I've built a current sense differential amplifier that measures the voltage across a 1 Ohm resistor, to give me a reading for the current through it.

I've connected it as follows, all resistors are matched 10k to give a gain of 1:

schematic

(Image source: Electronics Tutorials)

I am powering it from a single rail 12 volt source. The problem is even though this is a rail to rail opamp (Output Low swing from 5-20mV) I'm getting a constant error of 0.62V and it seems the opamp is not able to go below this value.

I have tried to resolve this by connected Vout to ground using a 10k resistor, but that makes no difference whatsoever.

I tried it with dual supply configuration (+8V, -8V) and that seems to resolve the issue. However I want to run this off a single supply rail, so this is not a viable option.

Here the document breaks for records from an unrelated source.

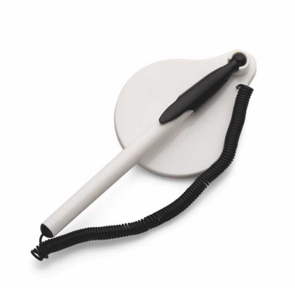 Stiloforo in plastica. Base con adesivo di cm. 8,5×6,5. Penna refill nero di cm. 13,5. Confezione in polybag. Colori: verde, nero, blu, rosso, bianco. Imballo: 500xcolore
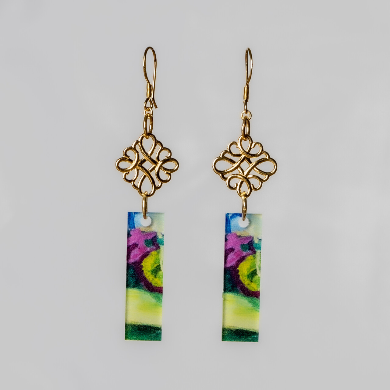 Materiaal : acrylaat 2mm voorzijde glanzend en achterzijde mat, filigraan, haakjes en oogjes in verguld goud
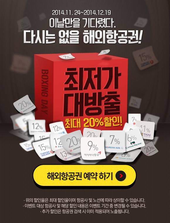 인터파크투어는 해외 여행 수요가 크게 증가하면서 해당 기획전도 선보이고 있다. 지난 24일부터 내달 19일까지 연말 박싱데이 콘셉트의 '해외항공권 최저가 대방출' 기획전을 진행한다. 해당 기간 동안 전 세계 28개 주요 항공사 별 특가 요금에 최대 20%까지 추가 할인 혜택을 제공하며, 만약 이벤트 기간 동안 더 저렴한 항공권 판매처가 있다면 차액의 300%를 'i-포인트'로 보상해 준다.

How can I resolve this? I'm trying to measure the voltage drop across a 1 ohm resistor to give me a reading for current through the circuit (0-1V represents 0-1 A) so I can set up a current limit. A better way (or practice) to doing this is also welcomed. The initial (but not ideal) fix I can think of, is to offset the readings by a few volts?

Edit:

Changed R1-R4 from 10k to 100k and I'm down to about 30-50mV!

Best Answer

LM358 is not a rail-to-rail opamp (neither input nor output).

The input CM range includes the negative rail and the output can swing close to the negative rail under the correct conditions, however this configuration passes current If to the output, and if that current exceeds (typically) about 50uA then the output can no longer swing all that close to the negative rail. This is all in the datasheet.

Your choices are to use a better op-amp (but it still will have to sink current so it can never get all the way to the negative rail) or create a negative supply. Up to you.